The fair value of the asset portion is determined using a market interest rate. This amount is recorded as a asset on an amortised cost basis until extinguished on redemption of the preference shares. The remainder of the proceeds is attributable to the equity component of the compound instrument. This is recognised and included in deemed equity investment, net of income tax effects, and not subsequently measured.
(iii) Impairment of financial assets
The Company measures the expected credit loss associated with its assets based on historical trend, industry practices and the business environment in which the entity operates or any other appropriate basis. The impairment methodology applied depends on whether there has been a significant increase in credit risk.
(iv) Income recognition Interest income
Interest income from debt instruments is recognised using the effective interest rate method.
Dividends
Dividends are recognised in the Statement of Profit and Loss only when the right to receive payment is established.

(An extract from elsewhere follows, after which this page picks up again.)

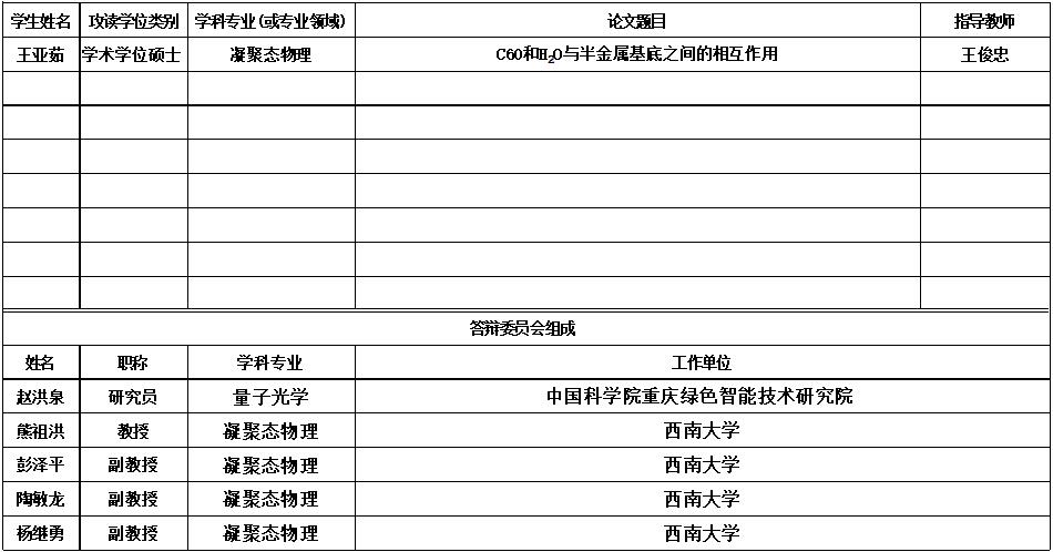 学院凝聚态物理2021年秋季学期学位论文答辩安排公告

(k) Impairment of non-financial assets
Intangible assets that have an indefinite useful life are not subject to amortisation and are tested annually for impairment, or more frequently if events or changes in circumstances indicate that they might be impaired. Other assets are tested for impairment whenever events or changes in circumstances indicate that the carrying amount may not be recoverable. An impairment loss is recognised for the amount by which the asset’s carrying amount exceeds its recoverable amount. The recoverable amount is the higher of an asset’s fair value less costs of disposal and value in use. For the purpose of assessing impairment, assets are grouped at the lowest levels for which there are separately identifiable cash inflows which are largely independent of the cash inflows from other assets or group of assets (cash-generating units). Assets other than goodwill that suffered an impairment are reviewed for possible reversal of the impairment at the end of each reporting period.

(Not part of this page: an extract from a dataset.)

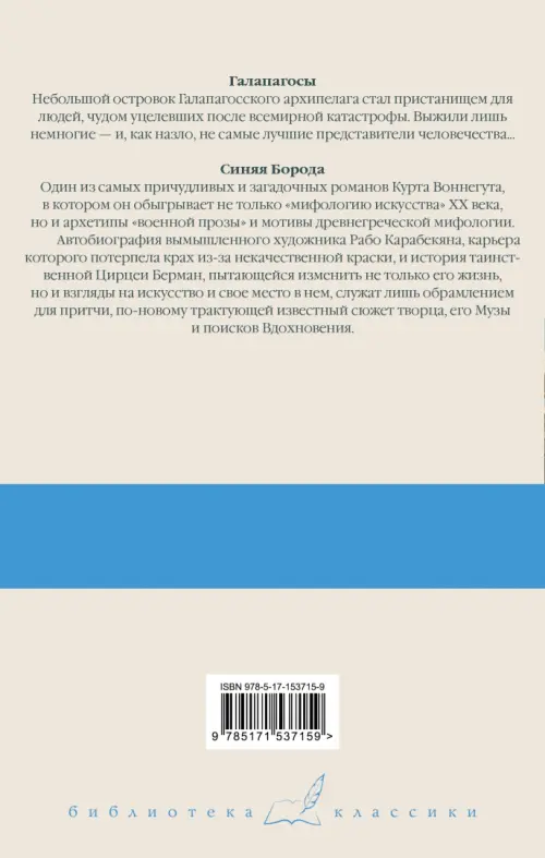 Если вы обнаружили ошибку в описании товара «Галапагосы. Синяя Борода» (авторы: Воннегут Курт), то выделите её мышкой и нажмите Ctrl+Enter. Спасибо, что помогаете нам стать лучше!

(l) Non-current assets held for sale
Non-current assets are classified as held for sale if their carrying amount will be recovered principally through a sale transaction rather than through continuing use and a sale is considered highly probable. They are measured at the lower of their carrying amount and fair value less costs to sell, except for assets such as deferred tax assets, assets arising from employee benefits, financial assets and contractual rights under insurance contracts, which are specifically exempt from this requirement.
Non-current assets are not depreciated or amortised while they are classified as held for sale.

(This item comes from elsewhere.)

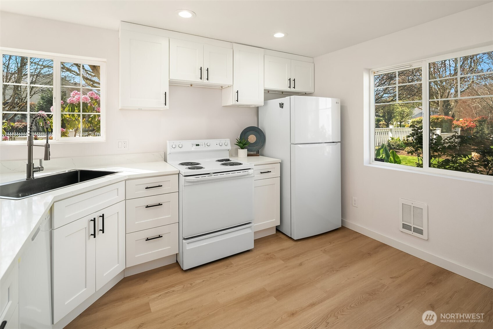 Welcome to your new home! This beautifully maintained, one-owner condo offers 3 bedrooms and 3 bathrooms in the expansive Lakes Community. Conveniently located near transit, the airport, shops, restaurants, and an abundance of parks, this home truly has it all. Inside, you’ll find a seamless open-concept floor plan filled with natural light, spacious bedrooms, and an in-unit washer and dryer for added convenience. Recent updates include new flooring, fresh paint and trim, updated kitchen cabinets, new countertops, and modern fixtures throughout making this home truly move-in ready. Enjoy cozy evenings by the fireplace in the winter, or take advantage of the ample windows and private patio/yard space during the warmer months, perfect for entertaining or accommodating pets. This home also features a 1-car garage along with ample guest parking, adding everyday convenience for you and your visitors. With a strong sense of community and everything you need close by, this home in the Lakes is ready to welcome its next owners.

(m) Derivative financial instruments
Derivative financial instruments such as forward contracts, option contracts and cross currency swaps, to hedge its foreign currency risks are initially recognised at fair value on the date a derivative contract is entered into and are subsequently re¬ measured at their fair value with changes in fair value recognised in the Statement of Profit and Loss in the period when they arise.
(n) Segment Reporting:
Operating segments are reported in a manner consistent with the internal reporting provided to the chief operating decision maker.
(o) Borrowings
Borrowingsareinitially recognisedatnetoftransaction costs incurred and measured at amortised cost. Any difference between the proceeds (net of transaction costs) and the redemption amount is recognised in the Statement of Profit and Loss over the period of the borrowings using the effective interest method.
(p) Borrowing costs
Borrowing costs consist of interest, ancillary costs and other costs in connection with the borrowing of funds and exchange differences arising from foreign currency borrowings to the extent they are regarded as an adjustment to interest costs.
Interest and other borrowing costs attributable to qualifying assets are capitalised upto the date such assets are ready for their intended use. Other interest and borrowing costs are charged to Statement of Profit and Loss.